Faculty of Physical Education and Sport, Charles University, Prague, Czech Republic
Department of Epidemiology, Cardiovascular Disease Prevention, and Health Promotion, National Institute of Cardiology, Warsaw, Poland.
Br J Sports Med. 2022 Dec;56(23):1366-1374. doi: 10.1136/bjsports-2021-105198. Epub 2022 Sep 7.
To determine the net effect of different physical activity intervention components on step counts in addition to self-monitoring.
A systematic review with meta-analysis and meta-regression.
Five databases (PubMed, Scopus, Web of Science, ProQuest and Discus) were searched from inception to May 2022. The database search was complemented with backward and forward citation searches and search of the references from relevant systematic reviews.
Randomised controlled trials comparing an intervention using self-monitoring (active control arm) with an intervention comprising the same treatment PLUS any additional component (intervention arm).
The effect measures were mean differences in daily step count. Meta-analyses were performed using random-effects models, and effect moderators were explored using univariate and multivariate meta-regression models.

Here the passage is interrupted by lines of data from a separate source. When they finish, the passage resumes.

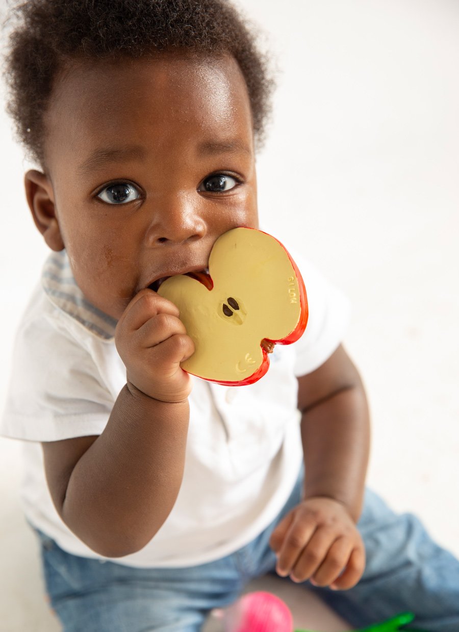 Es mag Apfel-Sommeliers geben, die essen ihre ersten Äpfel im Herbst gepflegt mit Messer und Gabel. Doch wir sind uns alle einig: Nichts geht über das herzhafte Reinbeißen, dass der Saft spritzt. Bei Oli & Carol pfeift man ebenfalls auf Knigge – der Apfel Pepita aus ihrer ökologischen Obst- und Gemüsezucht verführt zu ausgedehntem Kau- und Knabbervergnügen und ist dabei völlig unbedenklich, weil zu 100% aus Naturlatex und mit lebensmittelechter Farbe verziert.
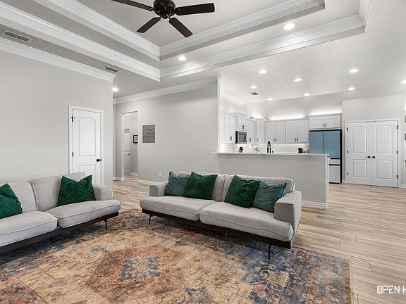 Modern comfortWarm inviting feelOpen layoutCrisp all-white kitchen
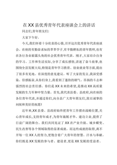 / 【七哥公文】2025年:在XX县优秀青年代表座谈会上的讲话+更多免费公文+VX:QiGeGongWen2024
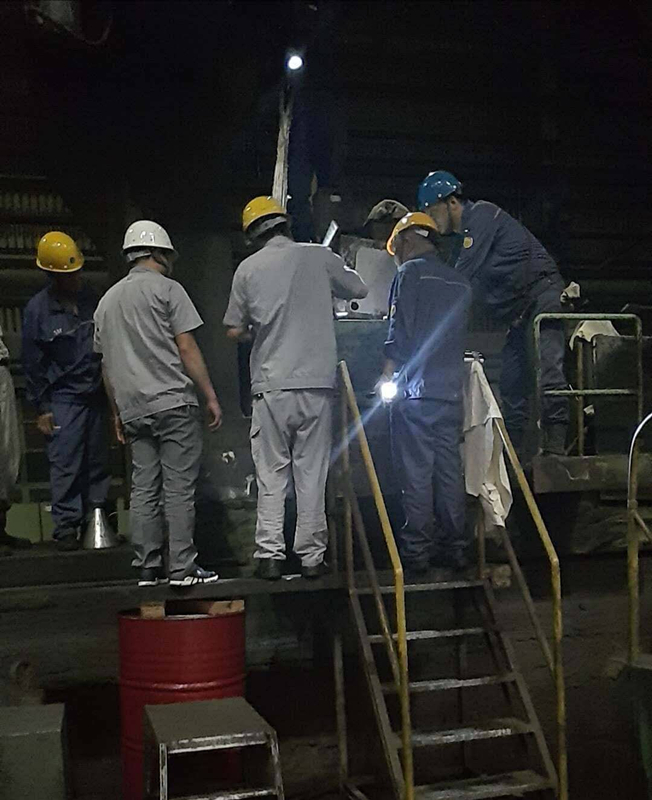 經(jīng)排查,確定厚板軋輥磨床故障為磨床主軸抱死,必須要對(duì)主軸進(jìn)行解體維修。而厚板軋輥磨床一旦長時(shí)間停機(jī),會(huì)造成厚板生產(chǎn)線停產(chǎn),嚴(yán)重影響厚板的正常生產(chǎn)。為了將故障的影響降到最低,我司技術(shù)人員在搶修現(xiàn)場(chǎng)不辭辛勞、加班加點(diǎn),經(jīng)過三天三晚的連續(xù)奮戰(zhàn),終于成功排除故障,搶修完成后還主動(dòng)協(xié)助對(duì)方試車和確認(rèn),最大程度保證了寶鋼厚板部的生產(chǎn)。花茹等三位員工用過硬的專業(yè)技術(shù)、軋輥磨床領(lǐng)域的深厚技術(shù)積累和踏實(shí)肯干的工作作風(fēng)贏得了寶鋼方面的一致肯定,為我司和寶鋼未來進(jìn)一步合作夯實(shí)了基礎(chǔ)。
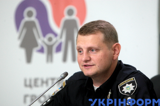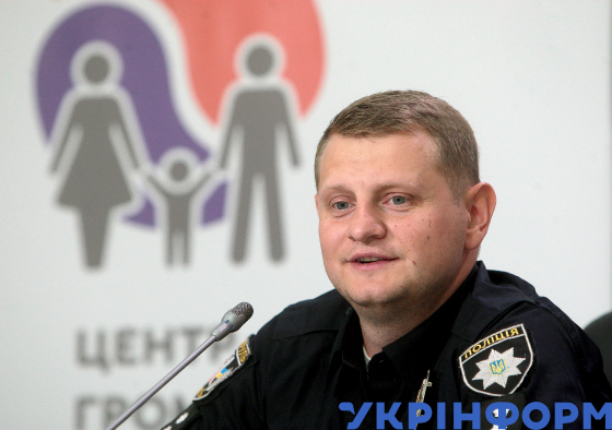 Старший лейтенант поліції, інспектор відділу зв’язків з громадськістю Управління патрульної поліції в місті Києві Сергій Багаліка під час пресконференції на тему: "Чому гинуть люди на пішохідних переходах та як цьому запобігти?" в Українському національному інформаційному агентстві "Укрінформ", Київ, 29 серпня 2019 року.
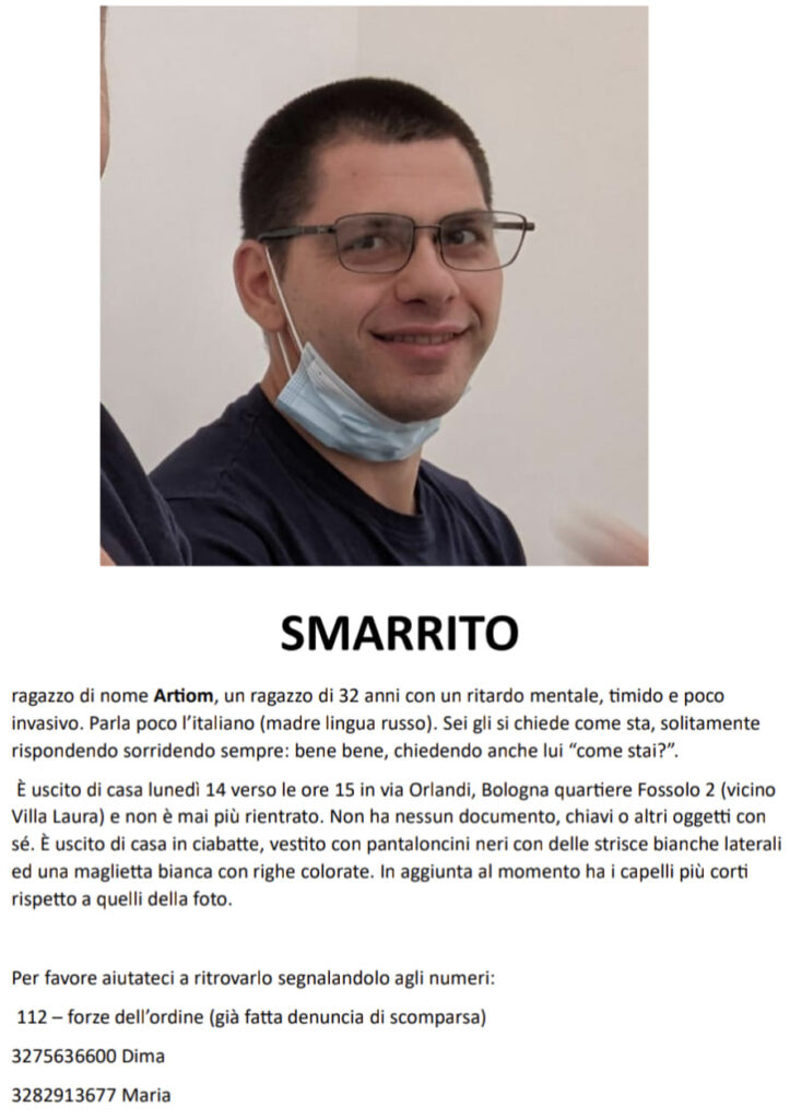 E’ scomparso da casa dal pomeriggio di lunedì 14 agosto e da allora i familiari non hanno notizie di lui. Si chiama Artiom, ha 32 anni e soffre di un lieve ritardo mentale ma non è aggressivo -spiegano i parenti- è molto timido e non parla bene l’italiano, essendo madrelingua russo. E’ uscito di casa, in via Orlandi zona Fossolo, verso le 15 e indossava ciabatte, un paio di pantaloncini corti neri con strisce laterali bianche e una t-shirt bianca a righe colorate. Non ha con sé documenti. Al momento ha i capelli più corti rispetto alla foto.
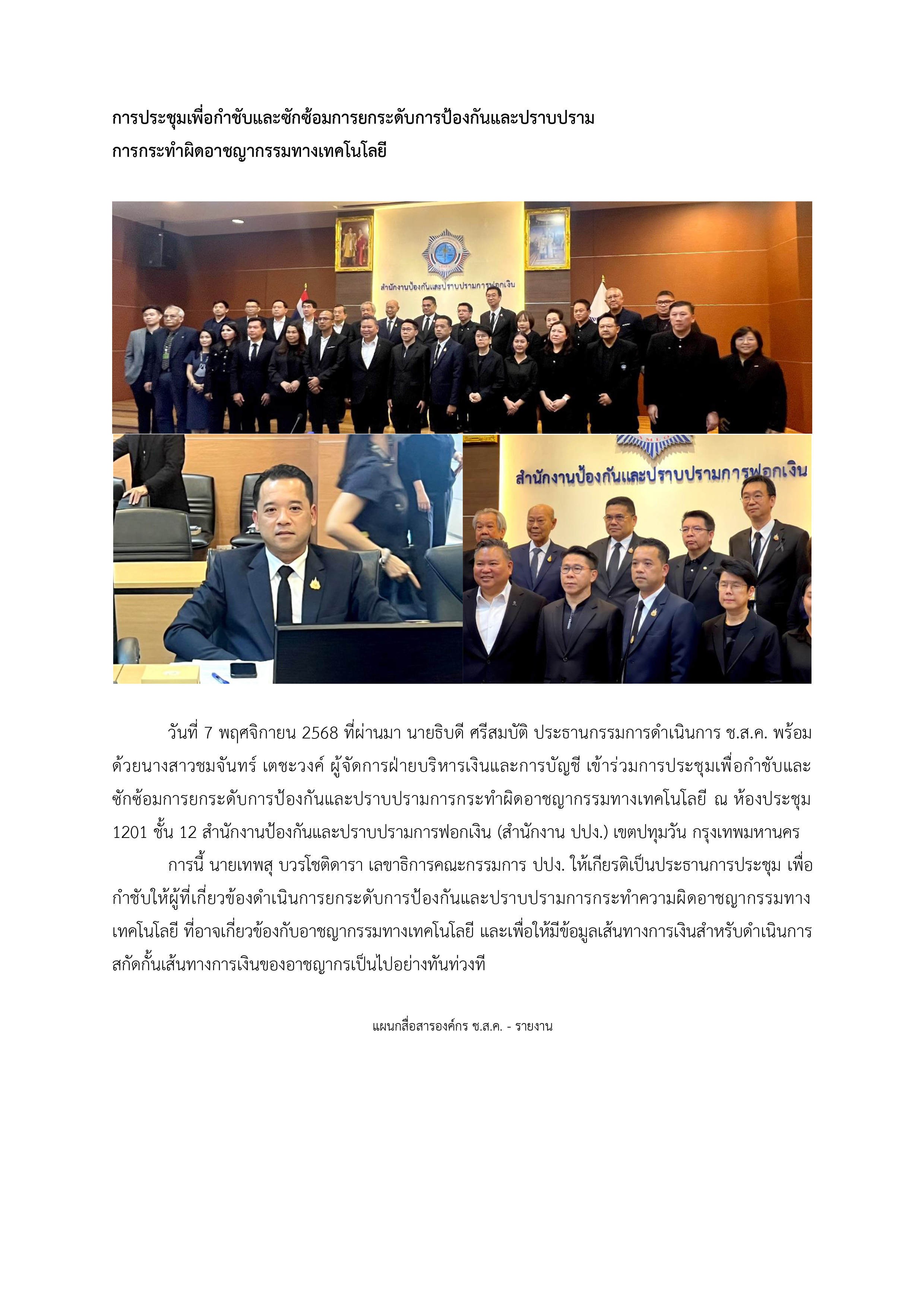ข่าวประชาสัมพันธ์ การประชุมเพื่อกำชับและซักซ้อมการยกระดับการป้องกันและปราบปรามการกระทำผิดอาชญากรรมทางเทคโนโลยี
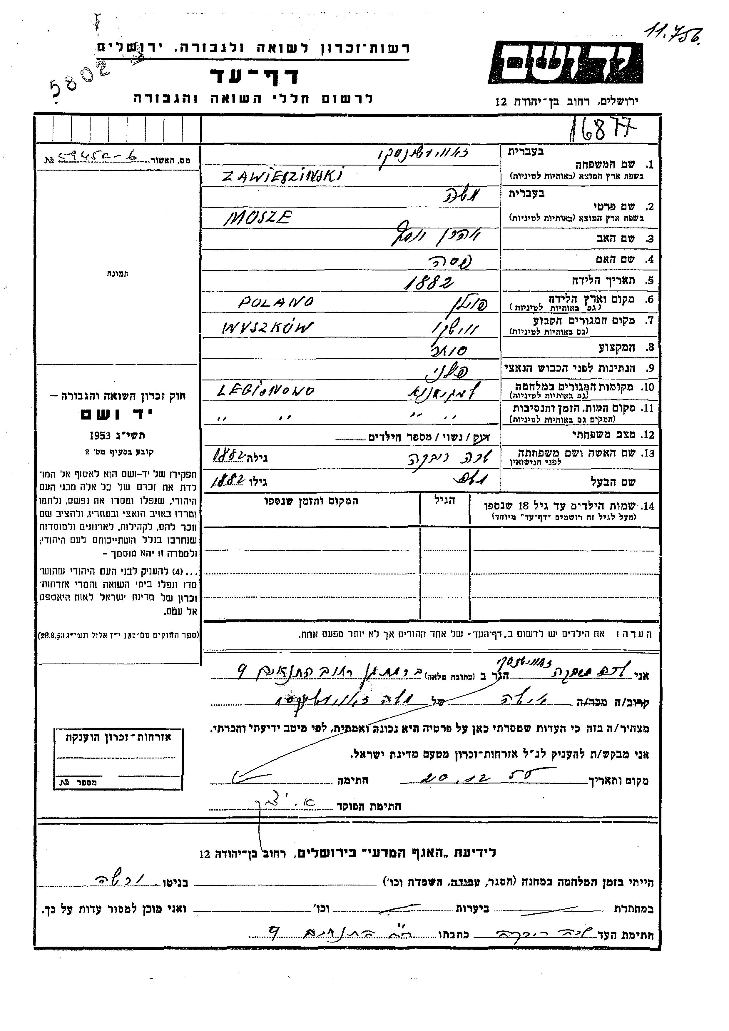 Mosze wurde in der Schoah ermordet. Todesort: Legionowo, Polen.
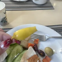 Ресторан в отеле неплохой, с хорошей обстановкой и разнообразием блюд. Сын считает, что он и так не очень привередлив в еде, поэтому он лучше меня. Что меня больше всего радует, так это то, что египтяне тоже любят есть квашеную капусту. В овощной салат добавляют много лимона. Он очень вкусный. [смеется] Самое душевное — это маленький маринованный перец. По вкусу он похож на наш. Вкус Хунань. Весь этот потенциал был полностью побеждён этим маринованным перцем! Ресторан очень внимательный и специально готовит кашу из белого риса для китайцев, что очень кстати!
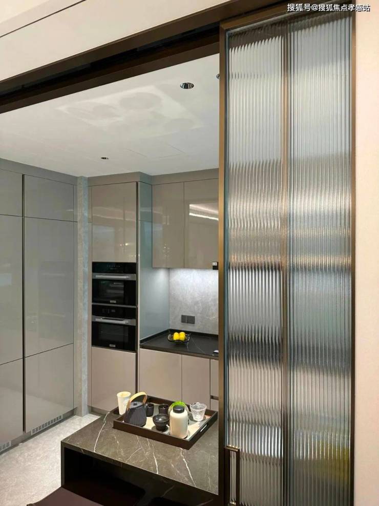 厨房玻璃门是上轨道移门,意味着地面部分没有任何轨道,不会有灰尘积攒,炒菜时关上,避免油烟散入室内;平时拉开,可以扩充室内视觉感受。🔥缦云上海售楼处电话:400-8787-740👈🔥
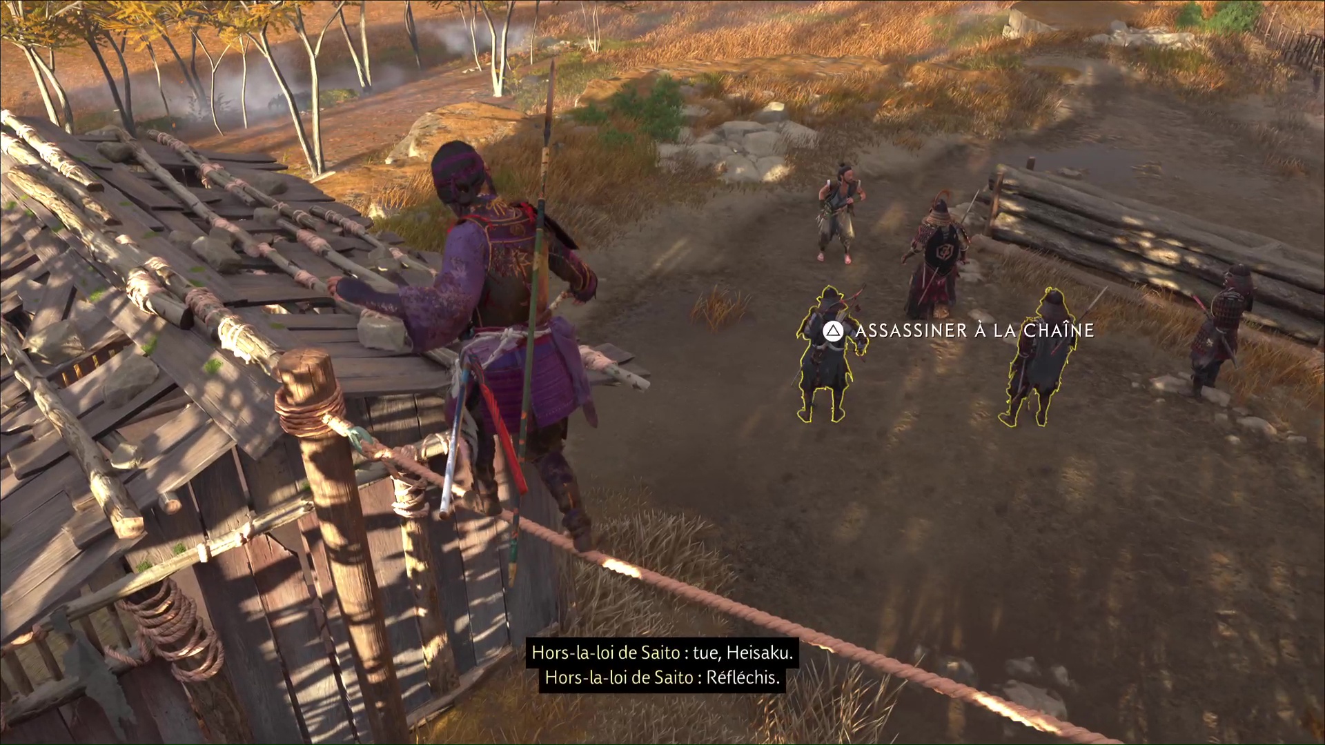 Puis, rapprochez-vous de là où Heisaku attire les soldats tout en restant en hauteur et à portée. Vous devriez pouvoir exécuter un assassinat à la chaîne (si vous l’avez) pour éliminer facilement au moins la moitié de vos adversaires.
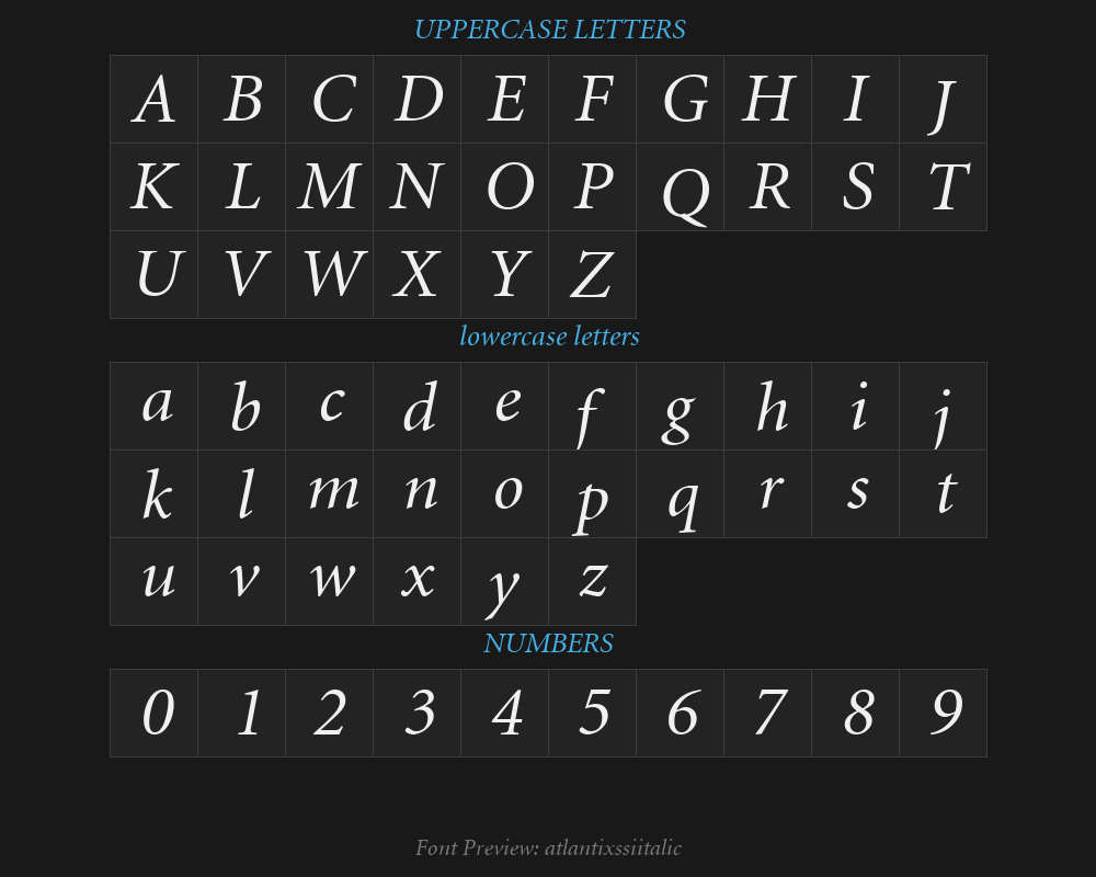 Overview:atlantixssiitalicFont
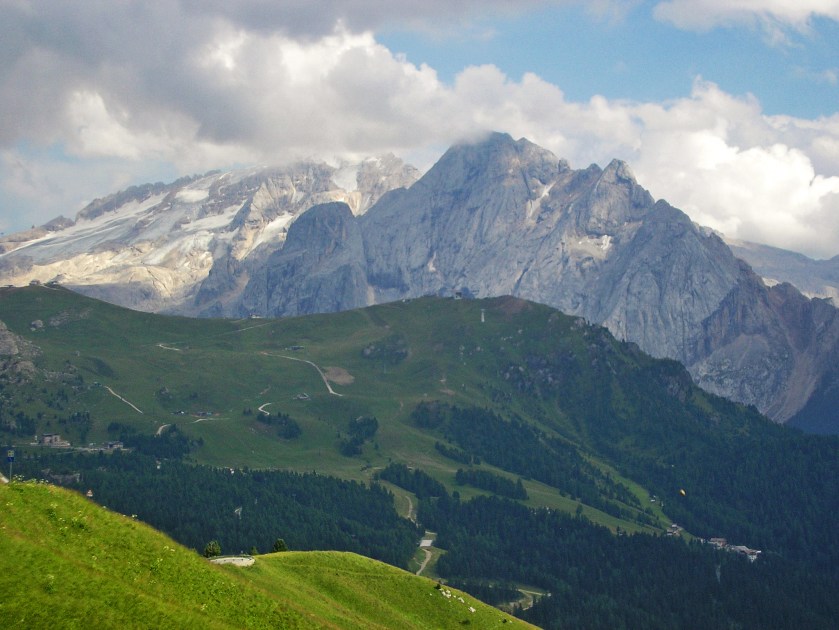 W każdym razie, już w fazie powrotnej za cel obraliśmy potężny masyw Marmolady, najwyższego szczytu Dolomitów. Z racji postury (3324 m.n.p.m.) nawet nie myśleliśmy o tym by spróbować wejść, ba, nawet gdybyśmy mieli dwa dni to i tak by nam to do głowy nie przyszło, bo na szczyt prowadzi seria via ferrat, ze sławną Ferratą Eterną na czele – a jest to ponoć jedna z najbardziej wymagających ferrat w całych Dolomitach.

Eighty-five studies with 12 057 participants were identified, with 75 studies included in the meta-analysis at postintervention and 24 at follow-up. At postintervention, the mean difference between the intervention and active control arms was 926 steps/day (95% CI 651 to 1201). At a follow-up, the mean difference was 413 steps/day (95% CI 210 to 615). Interventions with a prescribed goal and involving human counselling, particularly via phone/video calls, were associated with a greater mean difference in the daily step count than interventions with added print materials, websites, smartphone apps or incentives.
Physical activity interventions that combine self-monitoring with other components provide an additional modest yet sustained increase in step count compared with self-monitoring alone. Some forms of counselling, particularly remote phone/video counselling, outperformed other intervention components, such as websites and smartphone apps.
CRD42020199482.
除自我监测外,确定不同身体活动干预成分对步数的净效应。
系统评价与荟萃分析和荟萃回归。
从开始到 2022 年 5 月,在五个数据库(PubMed、Scopus、Web of Science、ProQuest 和 Discus)中进行了检索。数据库检索辅以回溯和前向引文检索以及对相关系统评价参考文献的检索。
比较使用自我监测(主动对照组)的干预与包含相同治疗加任何额外成分(干预组)的干预的随机对照试验。
效应量为每日步数的平均差异。使用随机效应模型进行荟萃分析,并使用单变量和多变量荟萃回归模型探索效应调节因素。
共确定了 85 项研究,涉及 12057 名参与者,其中 75 项研究在干预后和 24 项研究在随访时进行了荟萃分析。干预后,干预组与主动对照组之间的平均差异为 926 步/天(95%CI 651 至 1201)。随访时,平均差异为 413 步/天(95%CI 210 至 615)。与增加印刷材料、网站、智能手机应用程序或激励措施的干预相比,设定目标并涉及人类咨询(特别是通过电话/视频通话)的干预与每日步数的平均差异更大。
与单独自我监测相比,将自我监测与其他成分相结合的身体活动干预措施可提供额外的适度但持续的步数增加。一些咨询形式,特别是远程电话/视频咨询,优于其他干预成分,如网站和智能手机应用程序。
CRD42020199482。